Now it's time to modify the webhook to complete the whole app.
Open your glitch.com webhook URL created earlier, and after the code snippet in app.js:
// message received! 
console.log(req.body["entry"][0]["changes"][0]["value"]["messages"][0]["text"]["body"]);
add the code below - remember to change , which needs to be publicly visible, to the IP of the server where your Llama 2 enabled web app in the previous section runs:
  let url = "http://<web server public IP>:5000/msgrcvd?message=" + 
    req.body["entry"][0]["changes"][0]["value"]["messages"][0]["text"]["body"]
  axios.get(url)
    .then(response => {
      console.log(response.data);
    })
    .catch(error => {
      console.error('Axios error:', error);
    });
The code simply forwards the user message received by the WhatsApp Cloud Platform to the Llama 2 enabled web app llama_chatbot.py described in the previous section. Because the functionality of calling the WhatsApp Cloud API to send  a message has been implemented in the send_text_message in Python above, you can comment out the whole following code snippet in the original app.js:
  '// info on WhatsApp text message payload: https://developers.facebook.com/docs/whatsapp/cloud-api/webhooks/payload-examples#text-messages
  if (req.body.object) {
    ...
  }    
Note: It's possible and even recommended to implement a webhook in Python and call the Llama directly inside the webhook, instead of making an HTTP request, as the JavaScript code above does, to a Python app which calls Llama and sends the answer to WhatsApp.

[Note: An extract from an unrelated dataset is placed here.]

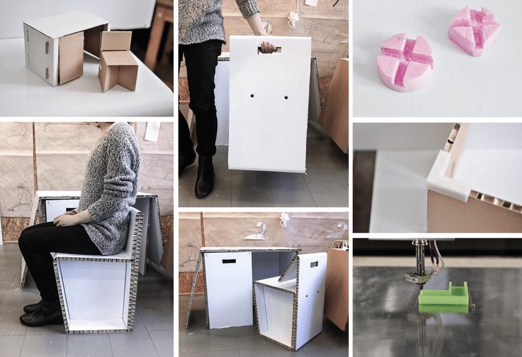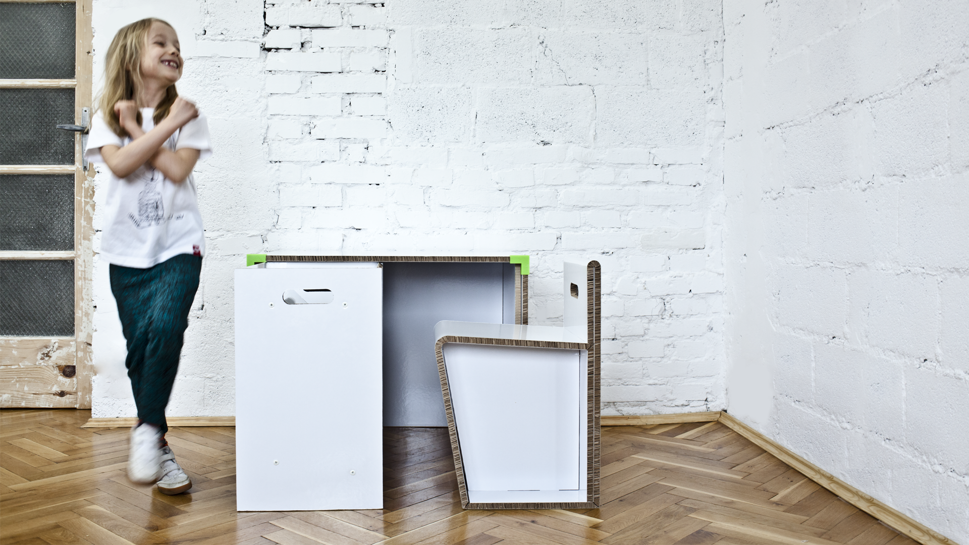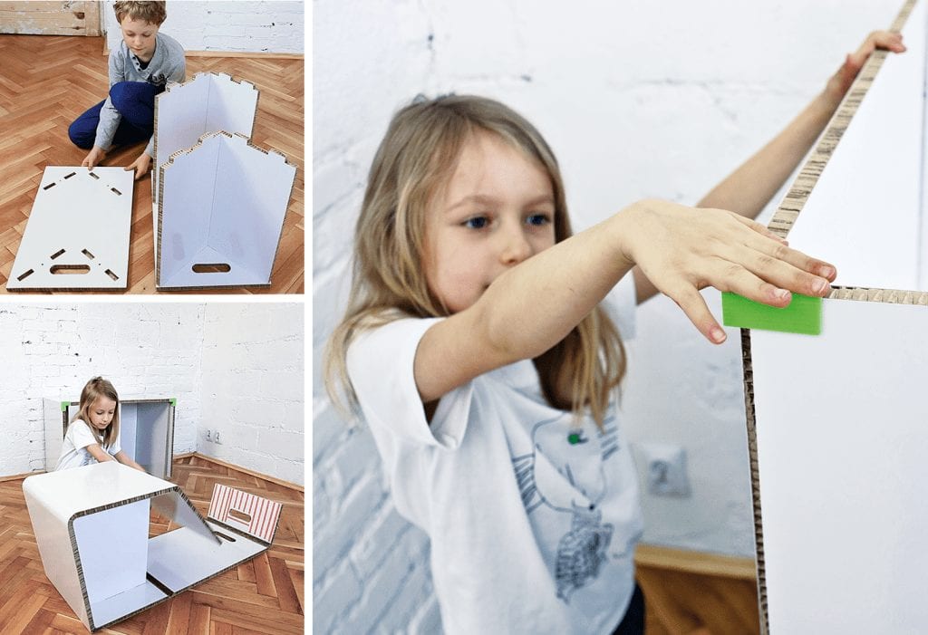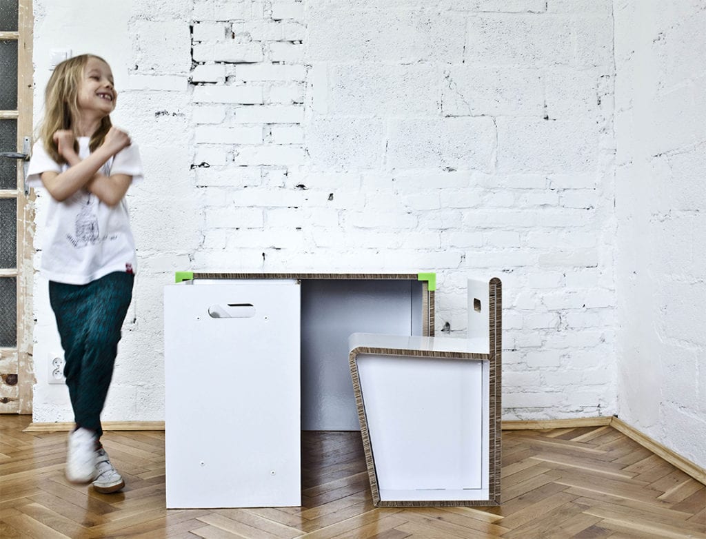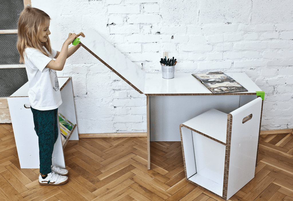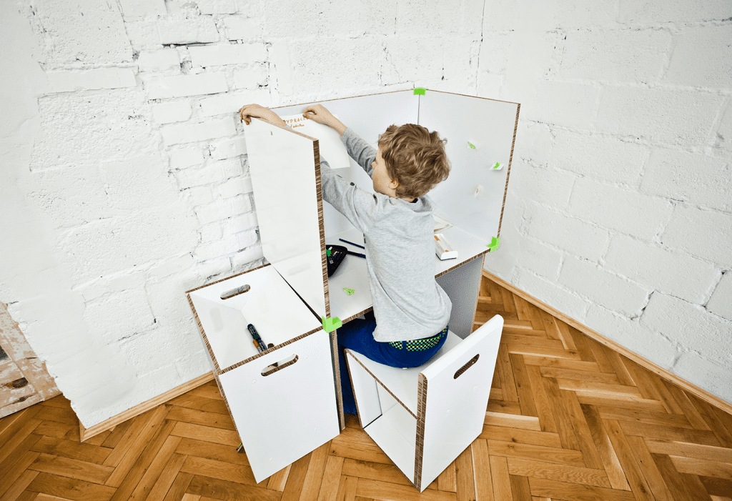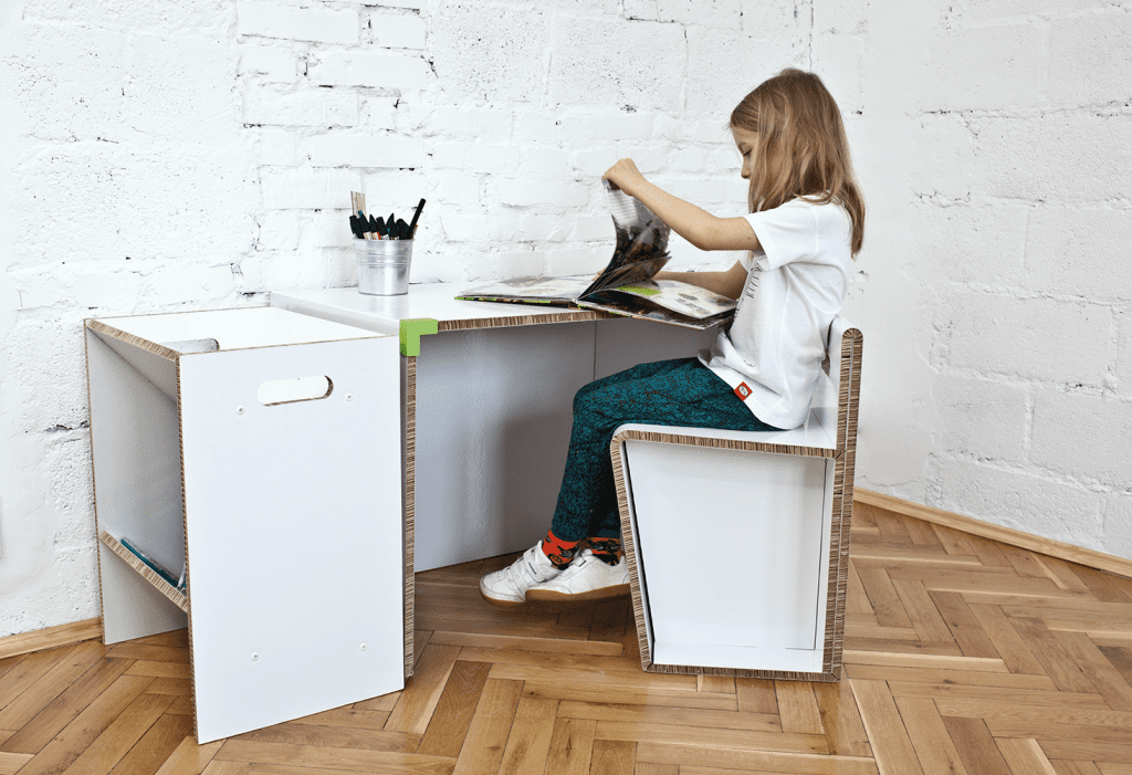 Projekt mebli dla dzieci organizuje przestrzeń do nauki, szczególnie w ciasnych mieszkaniach. Przeznaczony dla grup wiekowych: 7-8, 9-10, 11 -12 lat. W skład zestawu wchodzi: biurko, siedzisko oraz szafka, a także elementy dodatkowe: łączniki oraz śruby. Meble mają zapewnić użytkownikowi własne miejsce pracy, zwiększyć komfort i efektywność nauki. Ruchome blaty dają możliwość częściowego odizolowania, co pozwala na większe skupienie. Meble składane są z płaskiego arkusza płyty re-boardu – lekkiej i trwałej tektury. Materiał pokryty laminatem jest wodoodporny. Łączniki wykonane w technologii druku 3D utrzymują blaty w pozycji pionowej. Montaż oraz użytkowanie mebli jest proste i intuicyjne. Zestaw możliwy do samodzielnego złożenia przez dziecko.

On your web server, run the following command on a Terminal:
gunicorn -b 0.0.0.0:5000 llama_chatbot:app
If you use Amazon EC2 as your web server, make sure you have port 5000 added to your EC2 instance's security group's inbound rules. Write down your web server's public IP, update the URL below with it, then open the URL in a browser to verify you can see the answer sent to your WhatsApp app, as well as shown in the browser:
http://<web server public IP>:5000/msgrcvd?message=who%20wrote%20the%20book%20godfather
Now you can open your WhatsApp app, enter a question and receive the Llama 2's answer shortly, as shown in the demo video in the beginning of this post.